Ann Cudd is right, then, to point out that we are social creatures. But what follows? What does not follow, nor does Cudd say it follows, is that we lose the right to say no. It’s one thing to claim we sometimes have a duty to say yes. It’s quite another to claim it doesn’t matter whether we say yes or no. The latter, but not the former, makes us less than free and equal adult citizens.
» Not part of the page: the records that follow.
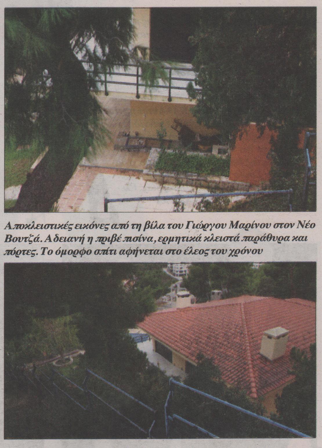 «Ο Μαρίνος είχε από παλιά ένα διαμέρισμα στην περιοχή των Αμπελοκήπων το οποίο χρησιμοποιούσε κατά καιρούς για να ξεκουράζεται, όταν δεν επιθυμούσε να μένει στη βίλα του στον Νέο Βουτζά, που απέχει αρκετά χιλιόμετρα από την Αθήνα. Ωστόσο δεν μπορεί κανείς να πει με βεβαιότητα ότι σήμερα ζει σε αυτό το διαμέρισμα, γιατί λέγεται πως φέτος βρισκόταν σε συνεννοήσεις να το πουλήσει κι αυτό, όπως και τη βίλα του και μάλιστα σε τιμή ευκαιρίας».
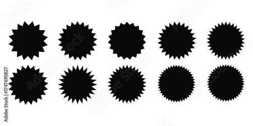 starburst, star, shape, burst, explosion, jagged, sharp, points, graphic, design, element, icon, symbol, black, white background, isolated, set, collection, badge, label, award, sale, discount, sun, r
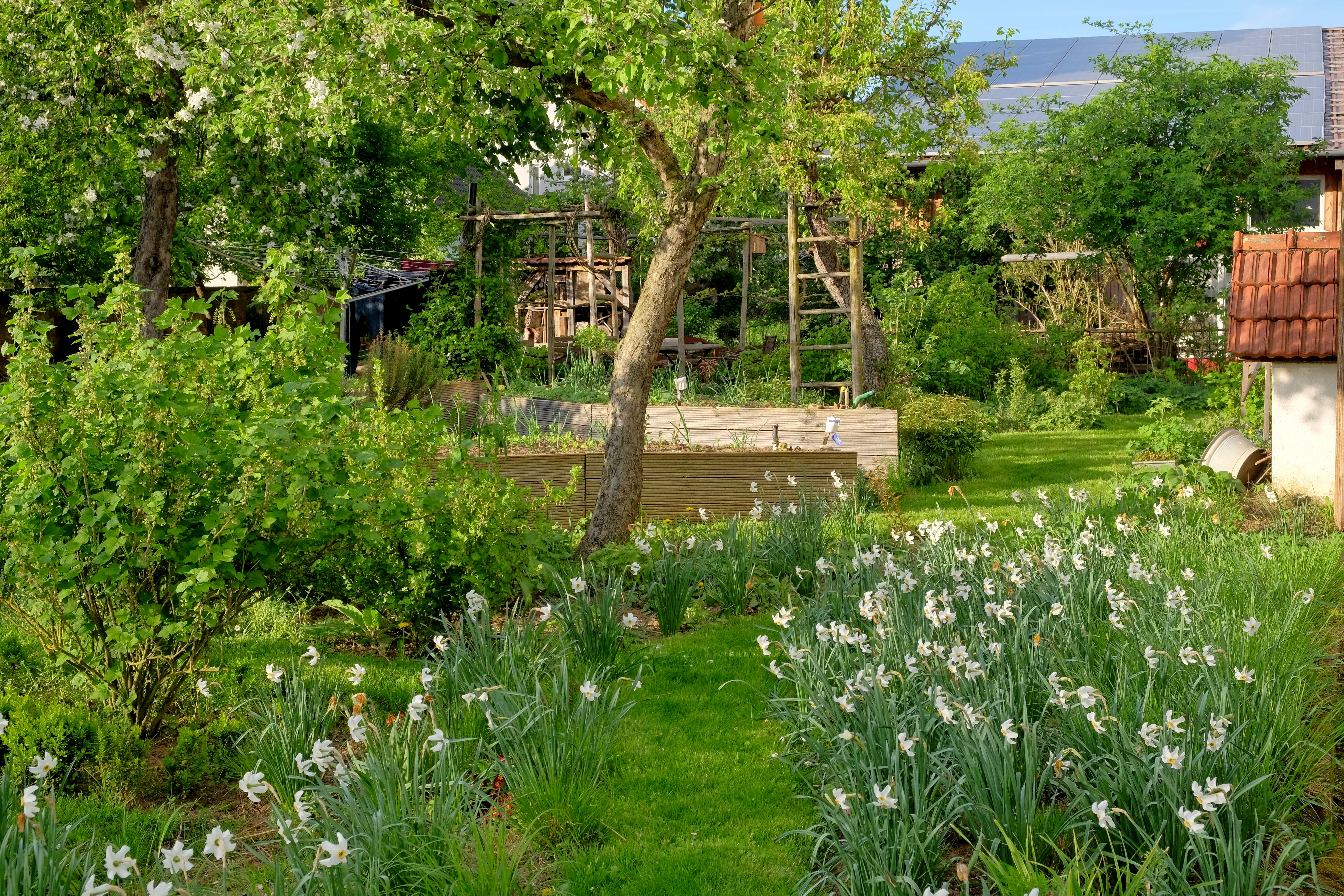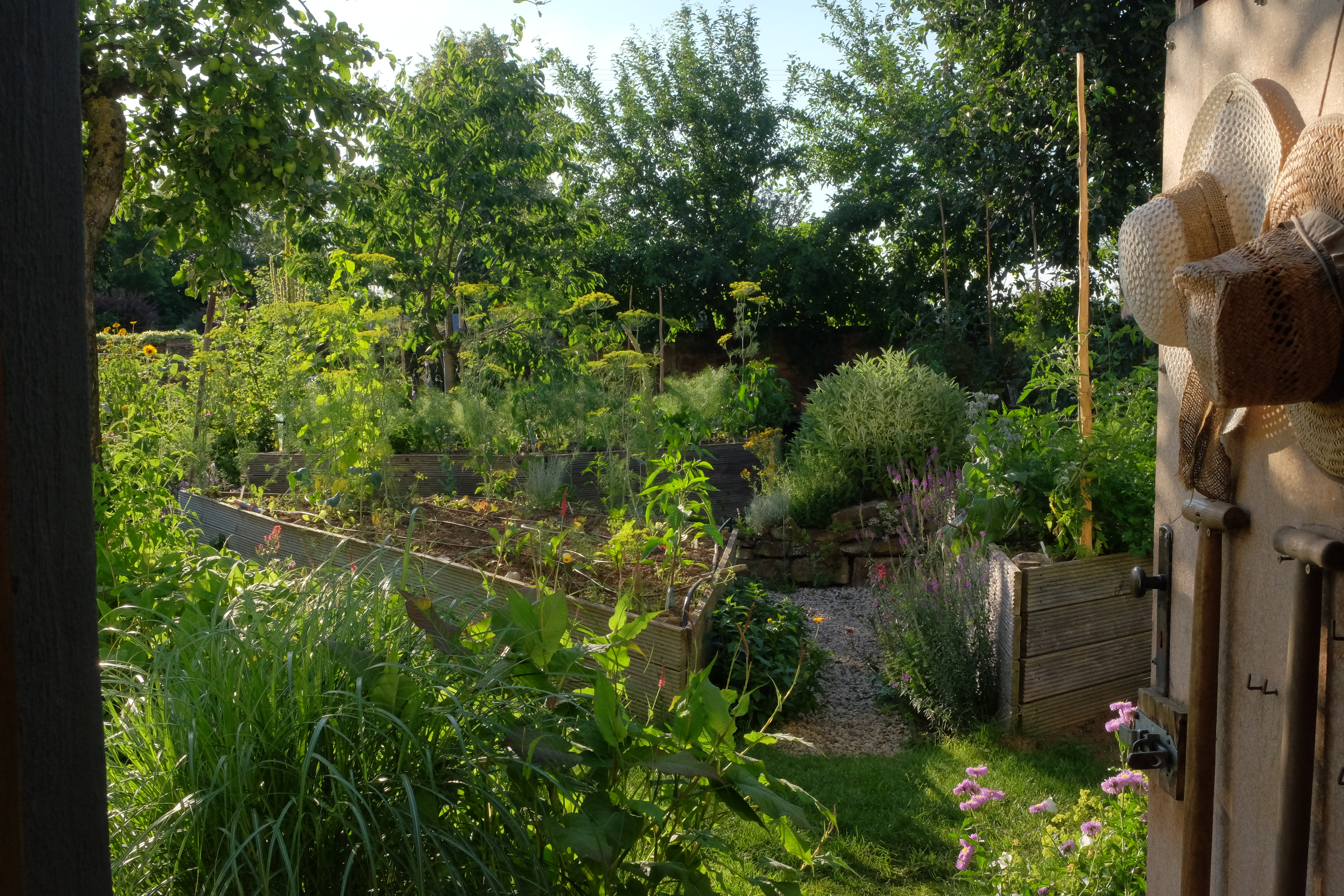 Nach vier Jahren waren aus Hügelbeeten vier Hochbeete entstanden. Damit können wir recht nah am Stamm, über den Wurzeln der Obstbäume, Gemüse pflanzen. Mit den Hochbeeten erreichen wir frühere und längere Ernten. Hier giessen wir regelmäßig und ausdauernd. Im Sommer 2018 wurde das Wasser im Brunnen knapp und so entschieden wir uns für eine Tropfbewässerung mit Regenwasser. Weitere Beete sind als Hügelbeete angelegt, die nach Süden ausgerichtet sind. Die Obstbäume sind mit trockenheitsverträglichen Stauden wie z. B. Bergenien und Geranium macrorrhizum unterpflanzt, am Gehölzrand auch mit Päonien.

The point of self-ownership is to make our sociality nontoxic. At its best, self-ownership is about being able to appreciate what goes with being a neighbor, and being able to know that we can afford to be neighbors, when we could as well be enemies. Our being valuable to others can be a promise or a threat, depending on whether others see us as having a right to say no. If we acknowledge a duty not to impose ourselves upon each other, then we live in a world where neighborliness, friendship, and love are live possibilities. Connections are fostered, not foisted.Footnote 8
Historically, one of the most important liberal insights has been that conflicts are better resolved by figuring out who gets to decide than by figuring out what should be decided. The freedom to exit and say no constitutes progress. That, too, had to be fought for. And the fight was waged by groups who needed to affirm their separateness from the rest of society. Having the freedom to distance oneself from expectations that become toxic is what it means to be an equal.